Hate Speech atau Diam

Kasus hate speech atau ujaran kebencian ini tidak muncul baru-baru ini. Rasulullah saw. mengalami tantangan dakwah yang begitu berat, Beliau banyak mendapatkan ujaran kebencian dari Abu Lahab dan kaum kafir Quraisy lainnya. Bahkan hingga turun surat Al-Lahab yang melaknat Abu Lahab dan istrinya yang semangat mengumbar kejelekan dan menyebar fitnah hanya untuk membendung dakwah Nabi Saw.

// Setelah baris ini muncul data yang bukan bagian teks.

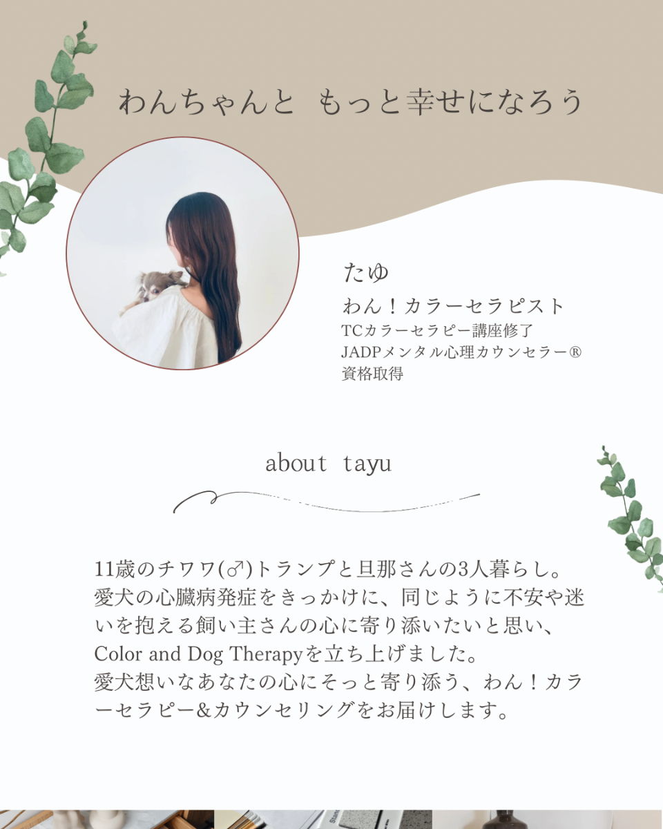 「わん!カラーセラピー™」および関連するすべてのセッション名・構成・文章・ビジュアル表現は、Color and Dog Therapy たゆ による完全オリジナルコンテンツです。無断転載・転用・模倣・類似名称の使用は、いかなる形であっても固くお断りいたします。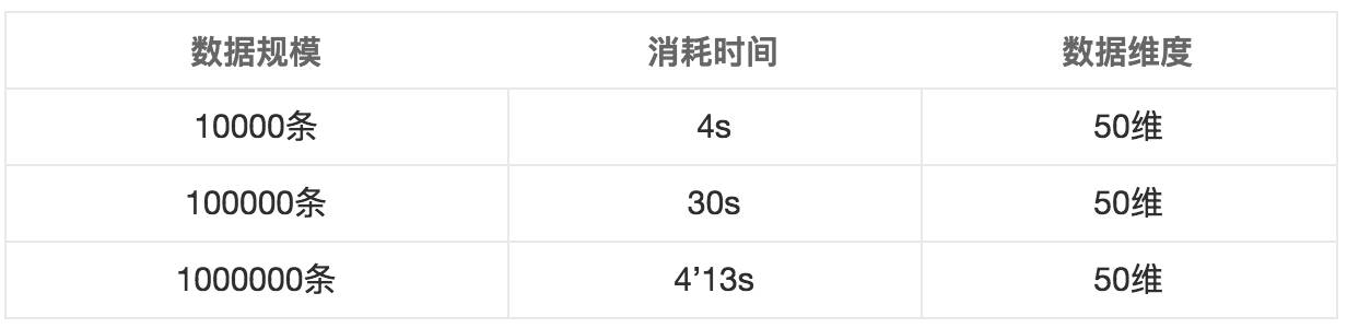 可以看到聚类效果还是不错的,对k-means的聚类效率进行了一个测试,将维度扩宽到50维

Hate Speech atau ujaran kebencian adalah perbuatan seseorang atau kelompok yang berupaya untuk mencemarkan nama baik, menghina, merendahkan, atau pun melecehkan di depan umum baik berupa ucapan maupun tulisan. Hate speech ini merupakan tindakan kekerasan verbal yang dapat memicu perpecahan antar masyarakat, melukai perasaan individual, bahkan hingga merusak kesehatan mental.

Baca Juga  Membedakan Kebenaran Al-Qur'an dan Penafsiran Al-Qur'an

Al-Quran memberikan keterangan bahwa manusia adalah makhluk sosial yang diciptakan sama namun dalam bentuk ras dan suku yang berbeda (QS. Al-Hujurat [49]: 13). Dari perbedaan ini Allah memrintahkan kita lita’arafu, saling mengenal. Saling mengenal disini bukan hanya mengenal dalam arti tahu, melainkan juga saling menghormati dan menjaga perasaan, agar kehidupan sosial masyarakat berjalan harmonis. Salah satu hal yang sangat diwanti-wanti dari ajaran islam agar tidak ada perpecahan adalah dengan menjaga lisan. Rasulullah bersabda;

عَنْ أَبِى هُرَيْرَةَ رضي الله عنه عَنْ رَسُولِ اللَّهِ صلى الله عليه وسلم قَالَ: «مَنْ كَانَ يُؤْمِنُ بِاللَّهِ وَالْيَوْمِ الآخِرِ، فَلْيَقُلْ خَيْرًا أَوْ لِيَصْمُتْ

“Barang siapa beriman kepada Allah dan Hari Akhir, hendaklah ia berkata baik atau diam…” (HR. Bukhari dan Muslim)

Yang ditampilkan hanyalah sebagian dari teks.